Given information >>
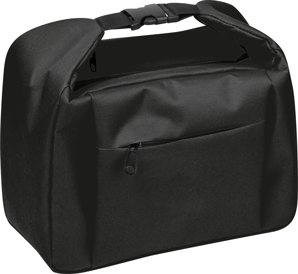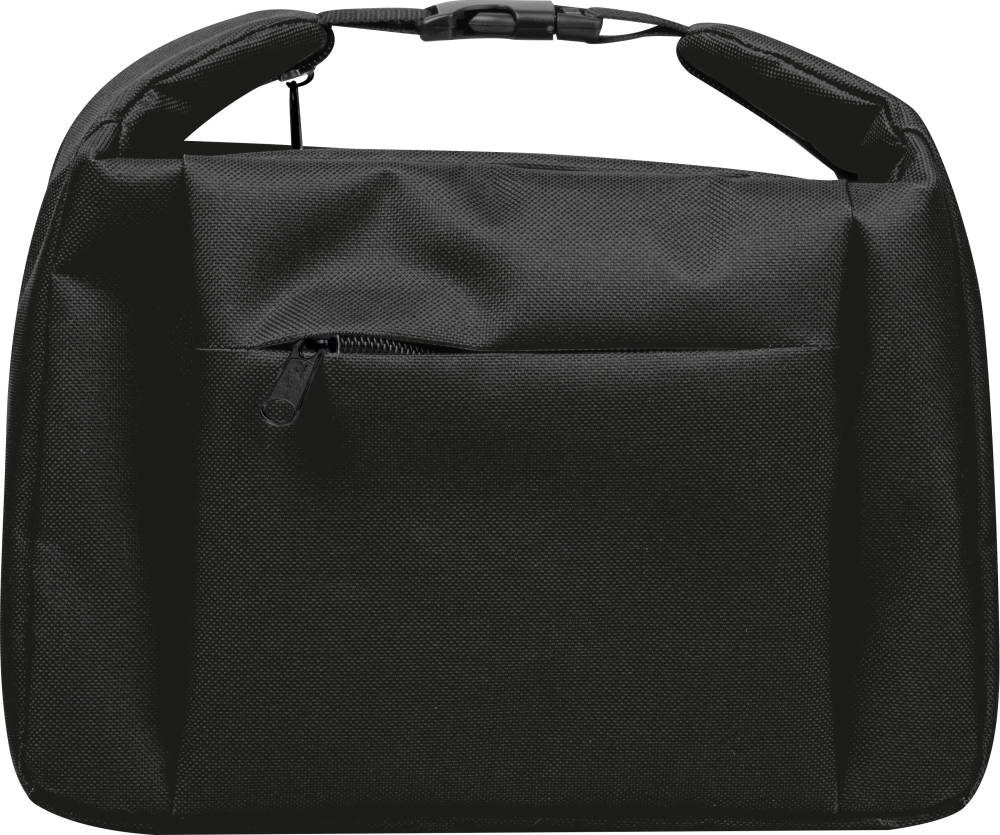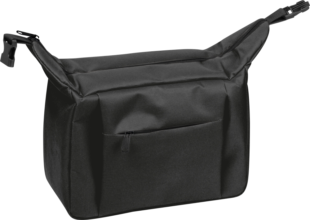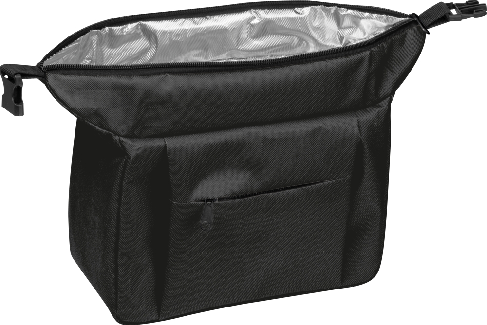 Cooler bag made from recycled polyester (RPET) with front zipper pocket, 5-liter capacity. Dimensions: 26,5 x 12,5 x 19 cm
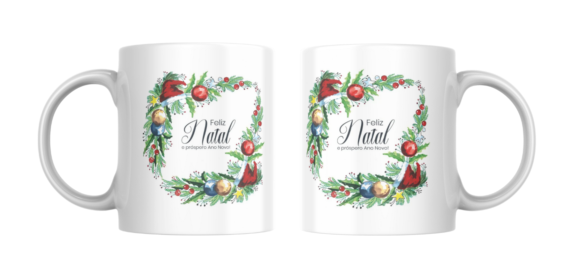 • Canecas brancas com decoração natalícia e texto festivo
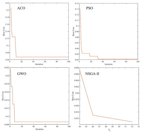 Four feature selection methods, namely ACO, PSO, GWO, and NSGA−II, were used to feature the low−level fused data from both sensors (ET and NIR spectra). From the convergence curve of feature selection in Figure 5, it can be seen that the above feature variable selection algorithm eventually converged after several iterations to obtain the smallest objective function value as the optimal solution.
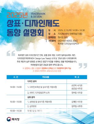 한편 이번 설명회는 별도 신청없이 현장에서 선착순으로 150명까지 참여 가능하며, 변리사의 경우 의무연수 교육시간 2시간이 인정된다.
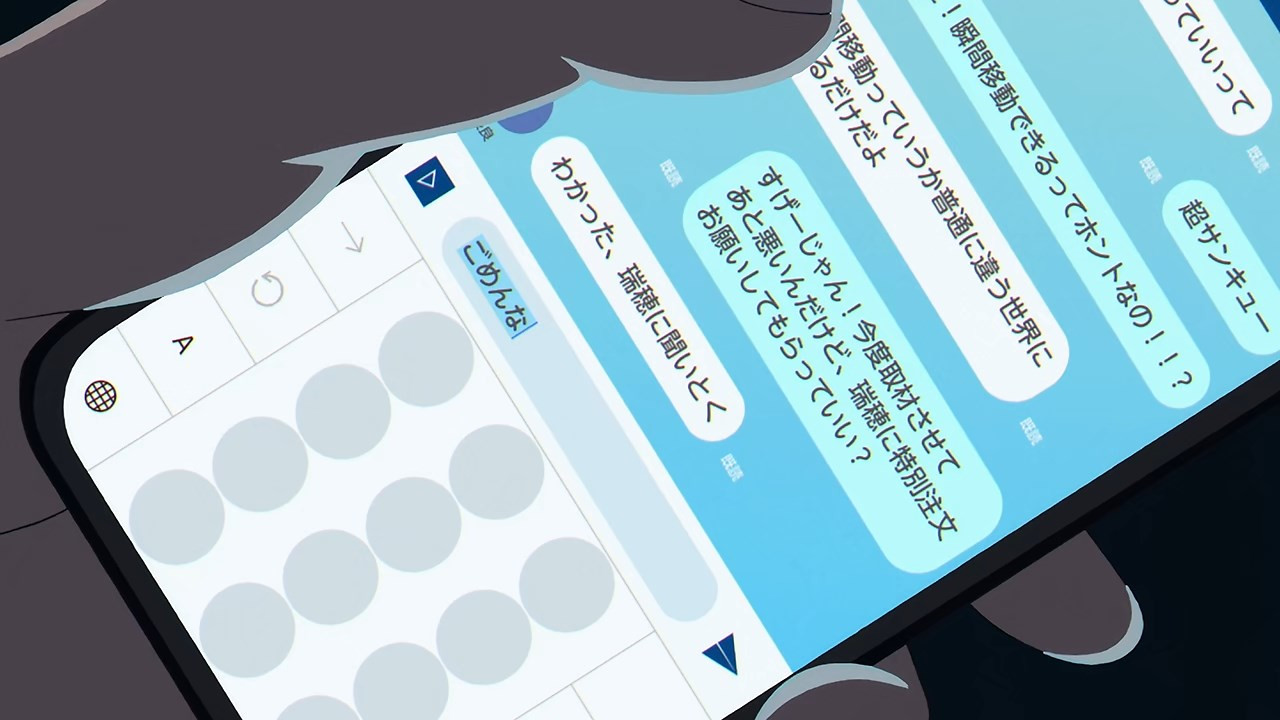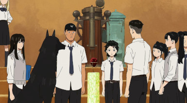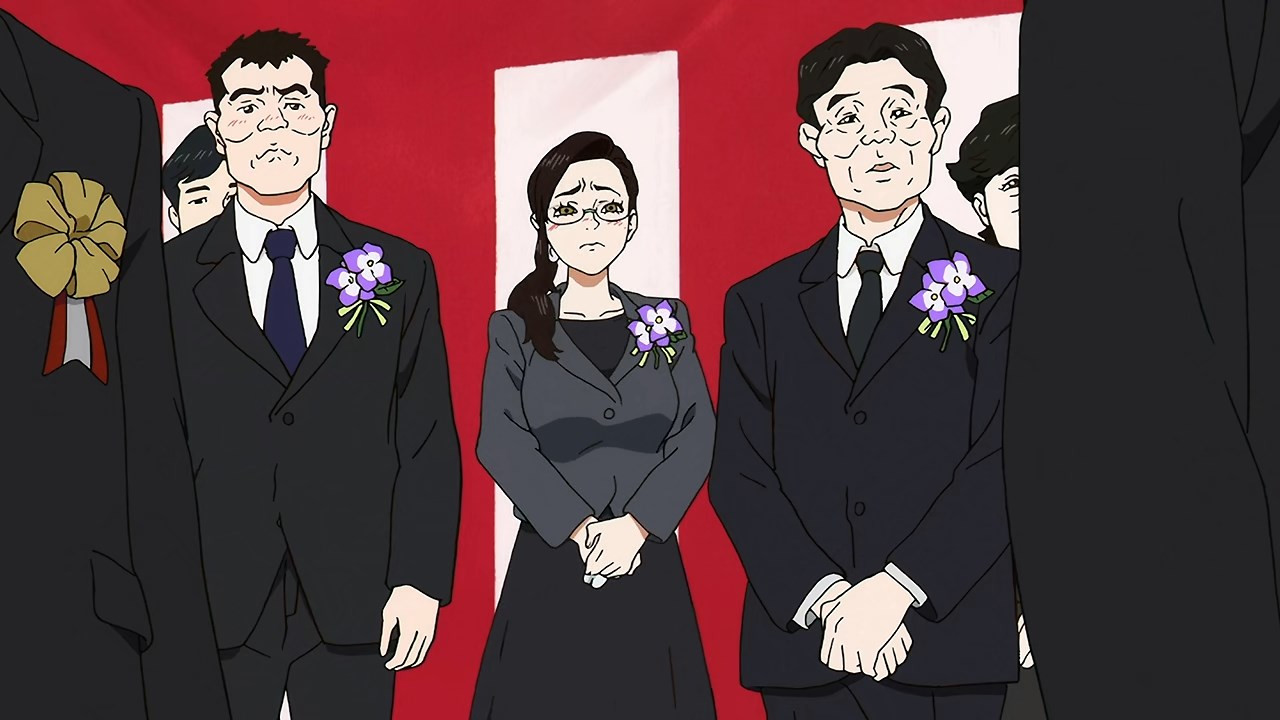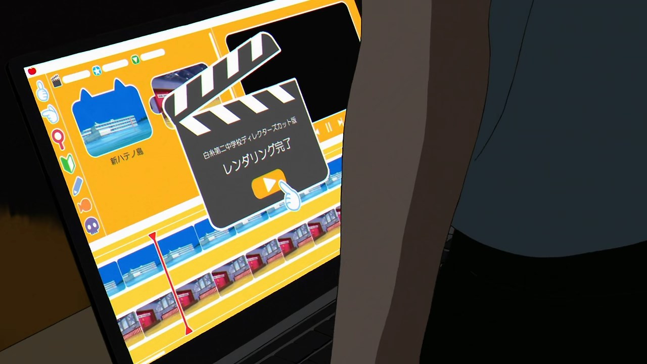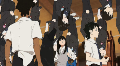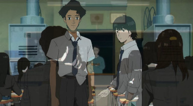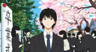 What this all builds up to is Raj and Nagara’s plan to try and splice everyone into the mildewed film of their middle school graduation that Nagara has restored by his magic touch. Hoshi reluctantly agrees to give this a shot and team up, despite his insistence that he knows what will happen. What happens is that everyone does wind up being transported to that place and time – except they can’t interact with anyone there. They’re copies, as Hoshi authoritatively declares – not the “chosen ones”. And what’s more, while the others see versions of themselves all Nozomi sees is her empty desk and a memorial in her name, which is creepy as hell.

What is required >> Please return every record above exactly, but leave out the pictures.

Solution >>
 Cooler bag made from recycled polyester (RPET) with front zipper pocket, 5-liter capacity. Dimensions: 26,5 x 12,5 x 19 cm
 • Canecas brancas com decoração natalícia e texto festivo
 Four feature selection methods, namely ACO, PSO, GWO, and NSGA−II, were used to feature the low−level fused data from both sensors (ET and NIR spectra). From the convergence curve of feature selection in Figure 5, it can be seen that the above feature variable selection algorithm eventually converged after several iterations to obtain the smallest objective function value as the optimal solution.
 한편 이번 설명회는 별도 신청없이 현장에서 선착순으로 150명까지 참여 가능하며, 변리사의 경우 의무연수 교육시간 2시간이 인정된다.
 What this all builds up to is Raj and Nagara’s plan to try and splice everyone into the mildewed film of their middle school graduation that Nagara has restored by his magic touch. Hoshi reluctantly agrees to give this a shot and team up, despite his insistence that he knows what will happen. What happens is that everyone does wind up being transported to that place and time – except they can’t interact with anyone there. They’re copies, as Hoshi authoritatively declares – not the “chosen ones”. And what’s more, while the others see versions of themselves all Nozomi sees is her empty desk and a memorial in her name, which is creepy as hell.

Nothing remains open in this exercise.